My bag slipped off my shoulder.

He caught it before I had to adjust. He took the strap and held it toward me, his fingers wrapping around the canvas, making the bag look tiny in comparison.

The elevator pinged. Fifth floor.

My floor.

The doors opened, and we both stepped out.

Of course.

“What room are you in?” I asked.

He told me the number.

Next to mine. I processed it without letting it show on my face.

We walked down the corridor.

My room was second-to-last on the left.

I stopped outside the door and found my key card. He remained with me, waiting while I scanned the card on the panel, watching me with the same focus he gave footage when he was trying to understand something.

“I felt it,” he said.

The words landed between us.

He didn’t need to say what he meant.

I swung my door open and glanced his way. We had a choice here, and we both knew it.

“I’m glad,” I said.

“Me too.”

I went inside and closed the door behind me.

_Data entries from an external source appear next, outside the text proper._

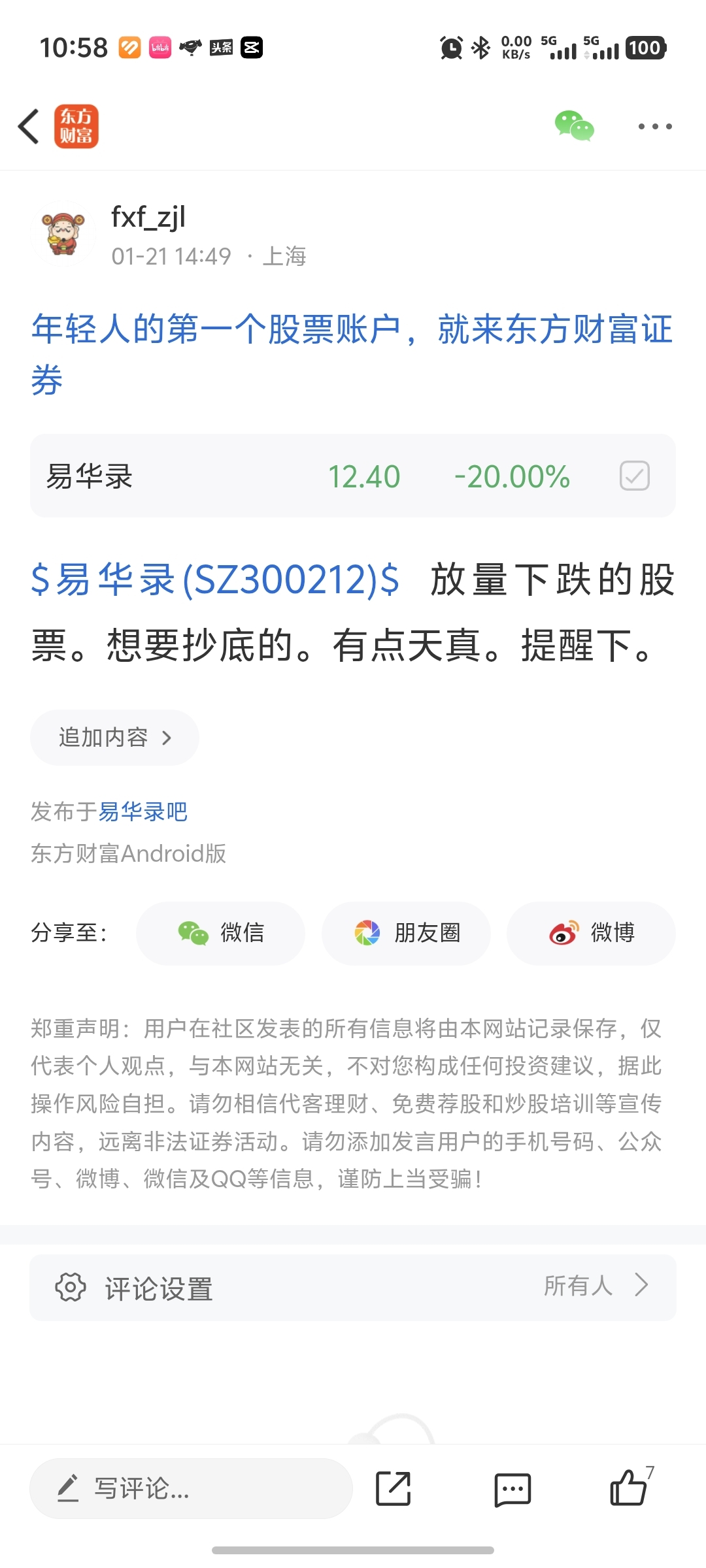 温馨提示: 1.根据《证券法》规定,禁止编造、传播虚假信息或者误导性信息,扰乱证券市场;2.用户在本社区发表的所有资料、言论等仅代表个人观点,与本网站立场无关,不对您构成任何投资建议。用户应基于自己的独立判断,自行决定证券投资并承担相应风险。《东方财富社区管理规定》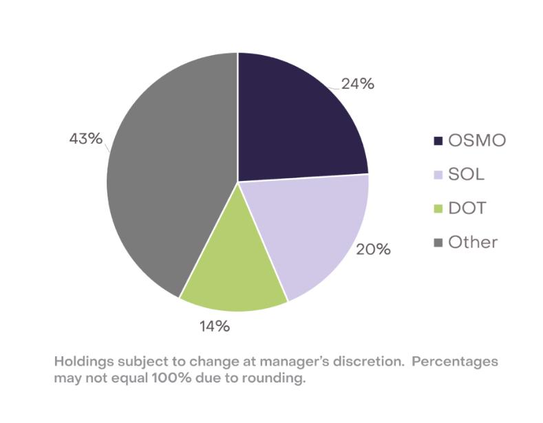 The Grayscale GDIF portfolio currently contains 9 crypto assets: Aptos (APT), Celestia (TIA), Coinbase Staked Ethereum (CBETH), Cosmos (ATOM), Near (NEAR), Osmosis (OSMO), Polkadot (DOT), Sei Network (SEI) and Solana (SOL) . The figure below shows the current asset proportion of GDIF funds. Among them, OSMO accounts for 24%, SOL accounts for 20%, DOT accounts for 14%, and the remaining portion accounts for 43%.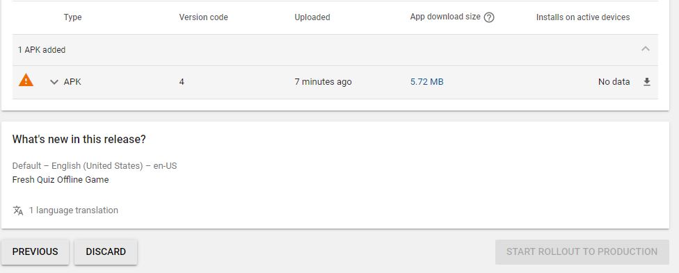 You can ignore the warning (sometimes it’s something about unused code being sent to users). Make sure you do the content rating and complete other required steps. Start rollout to production button would become enabled then.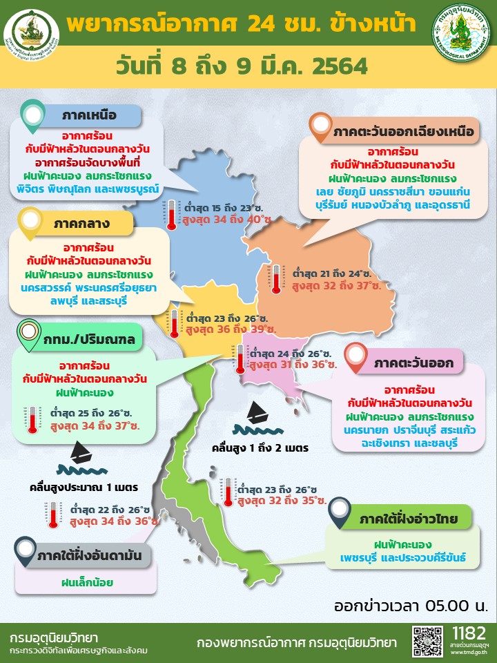กรมอุตุฯ 8 มี.ค. – กรมอุตุฯ เผยไทยตอนบน รวมทั้งกรุงเทพฯ-ปริมณฑล อากาศร้อน กับมีฟ้าหลัวตอนกลางวัน โดยมีฝนฟ้าคะนองและลมกระโชกแรงบางพื้นที่

It wasn’t until I’d turned the deadbolt that I heard his footsteps moving away. His door opening. Then movement in the room next to mine.

I didn’t unpack my overnight stuff right away. Instead, I sat on the edge of the bed and stared at the wall we shared.

There was no questioning what this was anymore.

The question was what I did about a father who didn’t know, a team that probably did, and a job that was the only thing I’d built that was completely mine. I’d been invisible in this world for years. That invisibility was the only thing that had felt safe.

It didn’t feel safe any longer.

I showered and brushed my teeth, climbing into bed without turning on the light.

The window looked out over a parking garage and a chain restaurant with its sign still lit. The usual view of a road trip hotel.

I lay in the dark and listened, hearing him drop his bag down on the other side of the wall. Water running. A long silence that meant he was standing somewhere, thinking in that still way of his. The low creak of a bed frame taking on weight.

Then quiet.

I lay in the dark and listened to him exist on the other side of three inches of hotel wall.